**WHAT TO WORK ON:**
Please return exactly the line that contains "donde historicamente se" and every line after it, through the last line of the records below, with no pictures.

**DATA EXCERPTS:**

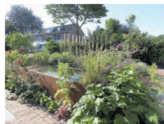
Extra prijs voor de tuin die veel vlinders en bijen aantrekt.
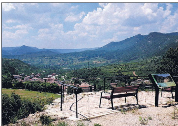
Uno de los espacios naturales que ofrece la provincia de Burgos.
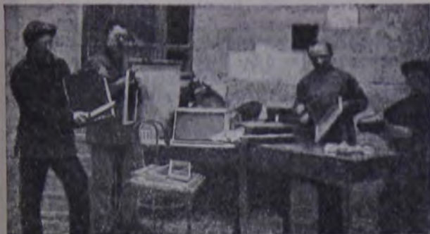
Студенты строят ульи.

Привет новому комсоставу евр. земледельческих поселков! Успешно ведите евр. деревню к социалистическому сельскому хозяйству!
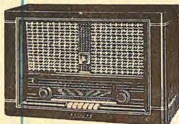
BE 752 A 5.894,00 PTS
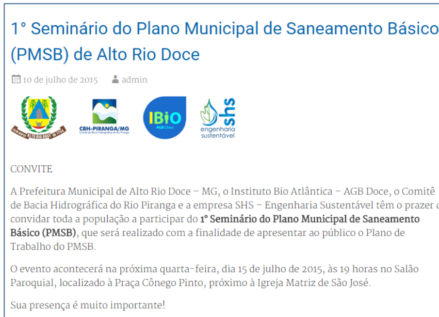
Figura 20 - Convite veiculado pelo município de Alto Rio Doce-MG
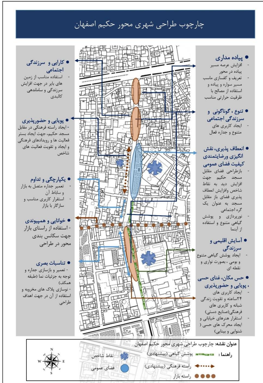
نقشه ۲- چارچوب طراحی شهری محور خیابان حکیم
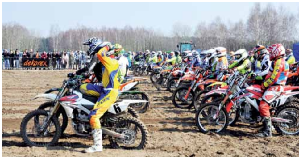
Maszyna przy maszynie – ale taka frekwencja w Serokach jest tylko na oficjalnych zawodach raz do roku. Zdjęcie wykonane w marcu 2018 roku.

Część mieszkańców Parmy (gmina Łowicz) znów zwraca uwagę na powracający problem hałasu dochodzącego do ich domów z toru motocrossowego w pobliskich Serokach (gmina Łyszkowice). Na pewno trudno będzie pogodzić interes tych, którzy lubią wypoczynek w ciszy i tych, którzy chcą poszaleć na torze, choć padają też głosy kompromisowe.
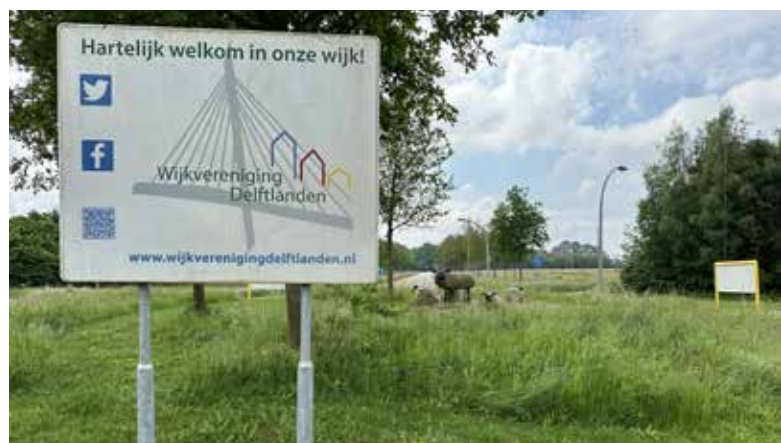
Afb. 1.

foto's daar laten maken (zie afb. 2). Geen verre oorden waar je een vreemdeling bent. Hier komen wij weg!
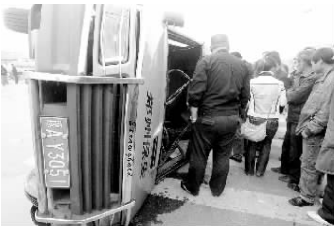
押款车的挡风玻璃碎了一地
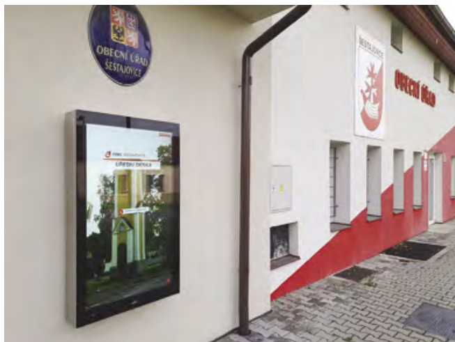
Nová elektronická deska je již v provozu

Z důvodu velkého množství informací, které je třeba ze strany obce zveřejňovat, došlo k pořízení nové elektronické úřední desky. Na původní „pevné“ úřední desky se velké množství informací často ani nevešlo.
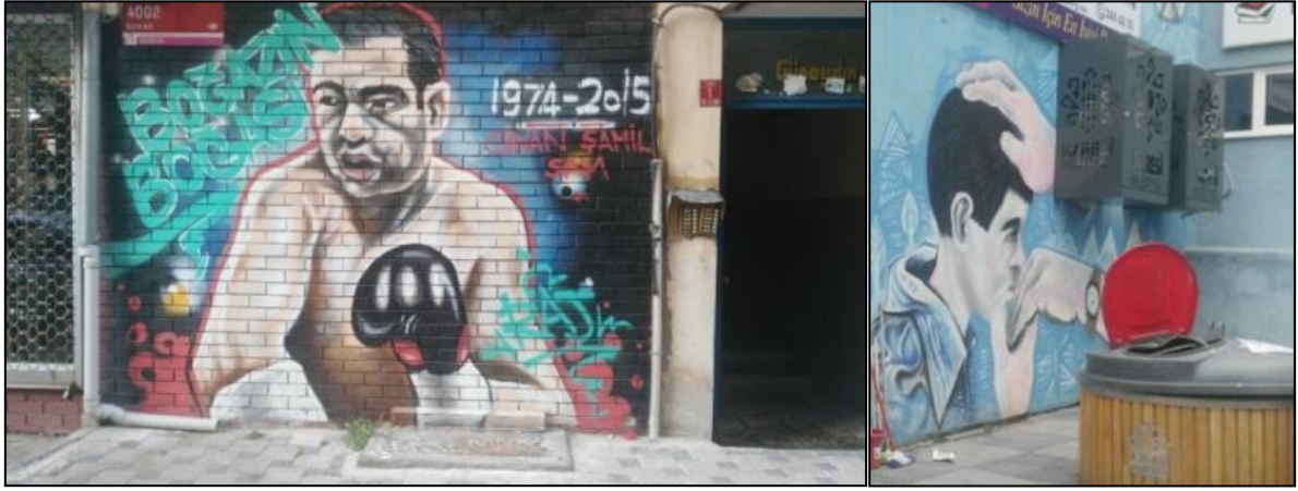
Fotoğraf 15: 4002 Sokak (08.07.2018) ve Ali Şuuri Sokak (08.07.2018)

Kent duvarlarında erkek özne ile temsil edilen kamusal insan ile birlikte, 4002 Sokak'taki "Boğazın Boğası" boksör kas gücüne dayalı erkek iktidarının mekânsal inşası iken, Ali Şuuri Sokak'ta bulunan, erkek eli öpen erkek çocuk da saygı kisvesiyle eril tahakkümün meşrulaştırılmasının ifadesi fakat aynı zamanda çocuğun yüz ifadesi de bu eril tahakkümün sorunsallaştırıcısı gibi görünmektedir (Fotoğraf 15).
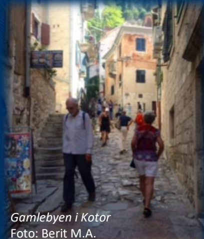
Gamlebyen i Kotor

inn i Albania så vi også de triste sporene etter flyktningestrømmen fra Hellas i form av plastposer og søppel som de ikke hadde funnet andre steder å legge. Men flyktninger så vi ikke.
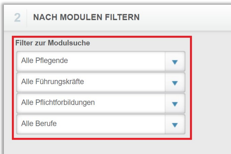
Abbildung 4 - Nach Modulen filtern

Bitte beachten Sie: In diesem Abschnitt sind nur Filtermöglichkeiten vorhanden, wenn Sie unter dem Menüpunkt „Filter zur Kurssuche“ eigene Filter erstellt haben. Nähere Informationen dazu finden Sie in der zugehörigen Anleitung „Filter zur Kurssuche“. Ansonsten werden standardmäßig alle Module ausgewählt.
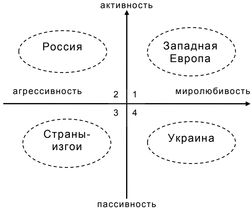
Рис. 2. Примеры разных типов национальных характеров

Так называемое сепаратистское движение на востоке страны и последовавшие за этим проявления терроризма фактически разбудило общество. Оно постепенно опомнилось и вышло из пике, куда было отправлено российской агрессией в Крыму. Начался третий этап травмы – война в Донбассе (наиболее активная фаза). Активность проявилась в росте добровольческого и волонтерского движения на фронте и в тылу, а также сопротивления информационной войне в информационном пространстве. Все это, несмотря на фактическую импотентность государства, обеспечило успех в борьбе с терроризмом.
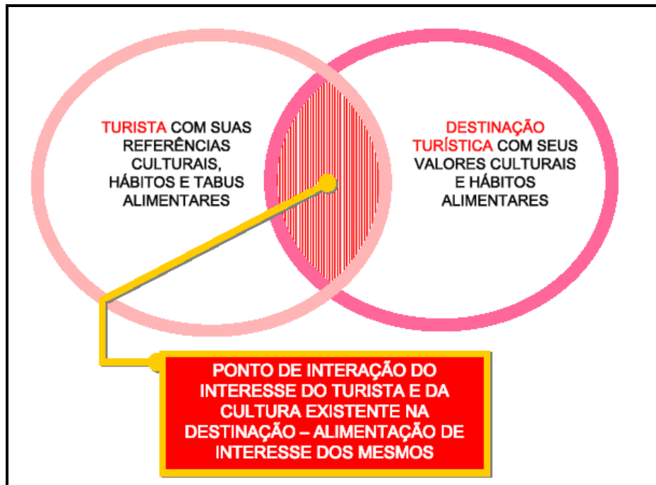
Figura 01: Relação intercultural gastronômica propiciada pelo turismo

donde historicamente se reconhece a feitura de determinado prato, conforme sugerido na figura apresentada a seguir.
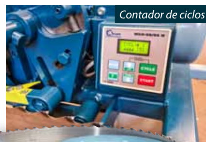
Contador de ciclos

**SOLUTION TO THIS PROBLEM:**
donde historicamente se reconhece a feitura de determinado prato, conforme sugerido na figura apresentada a seguir.
Contador de ciclos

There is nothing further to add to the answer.